Thread moved from Sound, Music & Intercom to Multimedia, Projection & Show Control


----------



## ThomasL (Sep 16, 2016)

Not for Mac that I know of, but for Windows there is SCS -
http://www.showcuesystems.com/cms/


----------



## Mike R (Sep 16, 2016)

In regards to keeping a physical script, and missing cues at the top of the page, it can help to make notes on the previous page, warning you that you have a cue coming up quickly. This is done quite frequently by Sound Engineers and Stage Managers.


----------



## seanandkate (Sep 16, 2016)

I'm not sure if that would be substantially easier in a show situation, and retyping / scanning the whole script in would most CERTAINLY be more work. More information will help us tailor an answer for you. If you are talking the playback of pre-recorded cues, it's usually a stage manager that is calling those cues, thereby eliminating the need for any operator to _have _a script. While SCS / SFX /QLab all have places for notes, they are mostly for small scale notation, not wholesale scripts. If you are trying to chart where in a script to mute mics in a musical or something of that nature, you can probably solve most problems just laying out your script differently in your book. Even an indication at the bottom of page 76 to tell you to "quick-flip" to page 77 (because there is a cue right at the top of that page) will help your organization.


----------



## themuzicman (Sep 16, 2016)

I rarely type up my mix scripts during a tech, and only digitize them once the script has solidified. I also never have my script in a book format with two pages of text facing me. I use the backs of the previous pages for notes. This also helps my focus, as I tend to have all band moves and Q triggers on the right margin of my script and all fader moves on the left margin of my script and I visually don't want those notes next to each other.

I have a whole rule set that I write my mix scripts by, and having these rules helps keep the script orderly and lets me have confidence in throwing faders without having to flip pages in precision with the action on stage.

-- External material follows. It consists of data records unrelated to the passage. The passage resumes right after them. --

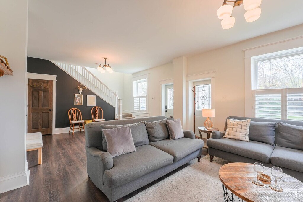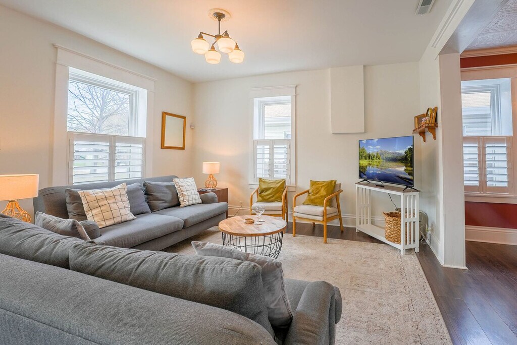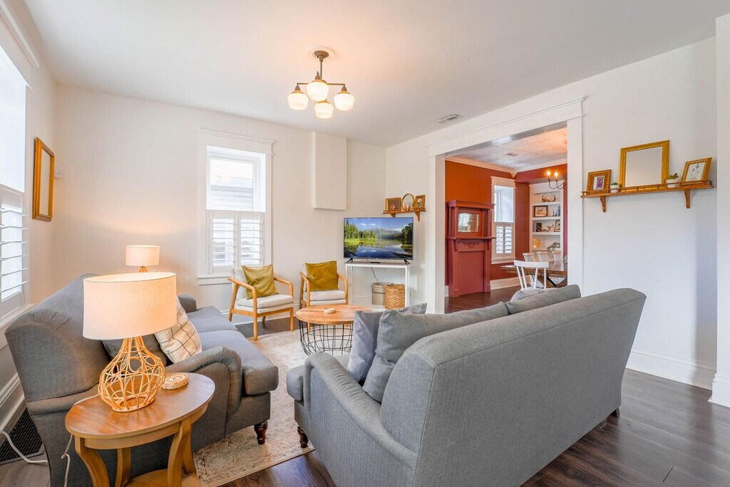 Experience St. Charles from your own historic farmhouse. This charming 19th-century farmhouse offers four bedrooms and three baths, making it perfect for families and groups. Enjoy the twinkle-lit backyard with a fire pit and patio for relaxing evenings. The fully stocked kitchen and spacious dining area are ideal for home-cooked meals. With a dedicated workspace and fast Wi-Fi, this home is remote work-friendly. The pet-friendly fenced yard allows you to bring up to two dogs, with a fee applicable. Located within walking distance to Main Street shops, cafés, and the Katy Trail, this farmhouse offers a perfect blend of vintage charm and modern comforts. Step into your own piece of history in the heart of Frenchtown. This beautifully restored farmhouse blends vintage charm with modern comforts, offering a warm and inviting retreat for up to eight guests. The main floor features a king bedroom next to a full bath with a walk-in shower. Upstairs, the primary suite includes a king bed and a private bath with a clawfoot tub and walk-in shower. Additional bedrooms include another king bed and a queen bed, with a shared upstairs bath featuring a tub/shower combo. The fully stocked kitchen offers stainless appliances, a spacious island, and all the essentials for preparing delicious meals. Gather around the dining table or relax in the cozy living room with plush seating and a smart TV. Your private fenced backyard features twinkle lights, a fire pit, a BBQ grill, and plenty of seating, making it a perfect space for morning coffee or evening s'mores under the stars. Pets are welcome, with up to two house-trained dogs permitted for an extra $75 per pet per stay. Free on-street and off-street parking is available, making it simple to arrive by car. Welcome to St. Charles, Missouri, nestled in the historic Frenchtown district. The neighborhood offers the perfect blend of small-town charm and modern convenience. You're just blocks from Main Street’s cobblestone streets, lined with boutiques, cafés, breweries, and the Katy Trail along the Missouri River. Nearby attractions include the Lewis & Clark Boat House & Museum, unique stores and eateries, Lindenwood University, Family Arena, and Historic downtown St. Louis. The Katy Trail and Missouri Riverfront are perfect for biking, jogging, and scenic strolls. Whether walking, cycling, rideshare, or driving, it’s easy to explore St. Charles and beyond from this central location. The property is about 25 miles from St. Louis Lambert Airport, approximately a 30-minute drive. Main Street and the Katy Trail are both within a short walk. The property is equipped with a noise monitoring device for the comfort of all guests and neighbors. Quiet hours are from 9 PM to 8 AM. Smoking or vaping inside the home is prohibited, and no parties or events are allowed. Respect check-in after 4 PM and checkout by 10 AM times. Starter supplies like toilet paper, paper towels, and toiletries are provided to get you started, but guests may need to purchase additional supplies for extended stays. A personalized door code will be sent before check-in for a smooth arrival. Verification of contact information and acknowledgment of house rules are required before check-in instructions are provided. Enjoy access to laundry facilities in the garage, high-speed Wi-Fi, and a dedicated workspace for remote work. A laptop computer is not included. Registration Number: 2024-23-5799 [SI]
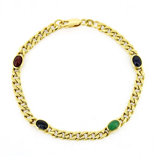 Panzer Armband 750 Gold 18 Kt - Saphir, Smaragd und Rubin - 42 cm - Wert 2120,-
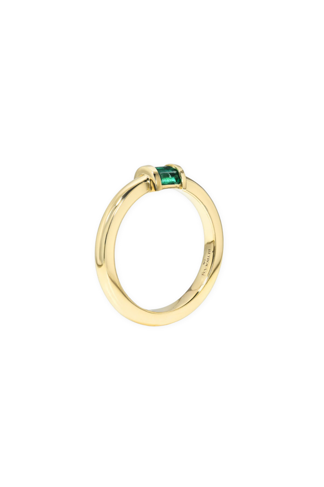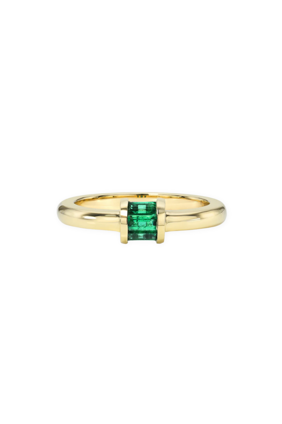 Polished 14K Yellow Gold ring with a 3 baguette barrel of Emeralds totaling .30cts.
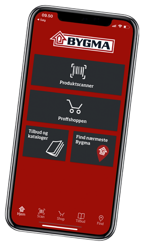 Appen er en del af Bygmas Proffshop. Det betyder, at du selvfølgelig handler til dine aftalte priser og at du kan starte bestillingen på Appen og færdiggøre den på webshoppen, når du er tilbage på kontoret. Det betyder at du har en huskeliste lige ved hånden!

For text issues I do one of two things --

1. I write my upcoming fader moves in the bottom right corner of my script on every page, so I can take a mental note before the page turn, or get the next line up and then turn the page. I write an arrow with the direction I need to move the fader, and then the DCA number of the fader I need to throw. I write an X if a person who has dialogue before the flip ceases to talk at all on the next page.

If it's an urgent fader move that needs to happen on the flip I write it in red pencil. If it's a move that happens while dialogue continues from one page to another, it gets written in regular pencil.

The bottom margin of every page can look a little messy, especially if you have an urgent flip with several people speaking a few words in quick succession (IE X 2, UP 3/4, 7, 1) I know that 2 won't be speaking at all, I'm throwing 3 and 4 together, who say something, then 7, then 1.

If I find that the fader order is too wonky with a page flip, I'll trigger a DCA change scene over a lot of dialogue in a page prior, keeping the dialogue up on one stick, and ordering quick succession dialogue into a logical DCA order, that way I don't need to flip the page but know I can just bring up DCA 3/4, 5, 6 in that order and memorize the dialogue.

2. For pages where I NEED to have the page flipped (i.e. where a page flip kicks off a ton of dialogue among more than a handful of people) I simply find a place on a page where I can flip the script truncate the rest of the page, type up the portions of text on new pages, write in the actual page number on the bottom (so I can flip to it in tech when the SM asks us to visit that section), and black out the portions of the pages I am truncating and fitting on the new inserted pages.


----------



## derekleffew (Sep 16, 2016)

Perhaps employ a page turner ? 
I've often written at the bottom of many pages of a script "turn page fast."


----------



## Drew Schmidt (Sep 17, 2016)

Often the simplest, most elegant solution is the best and most reliable. 

I would suggest something as simple as duplex printing where every page is on both sides of a piece of paper, front and back. Flipping your book would then look like...
LEFT | RIGHT
Pg 1 | Pg 2
Pg 2 | Pg 3
Pg 3 | Pg 4
so on and so forth

This means you'll always be able to see the next page while on the current page and can flip when it's convenient.


----------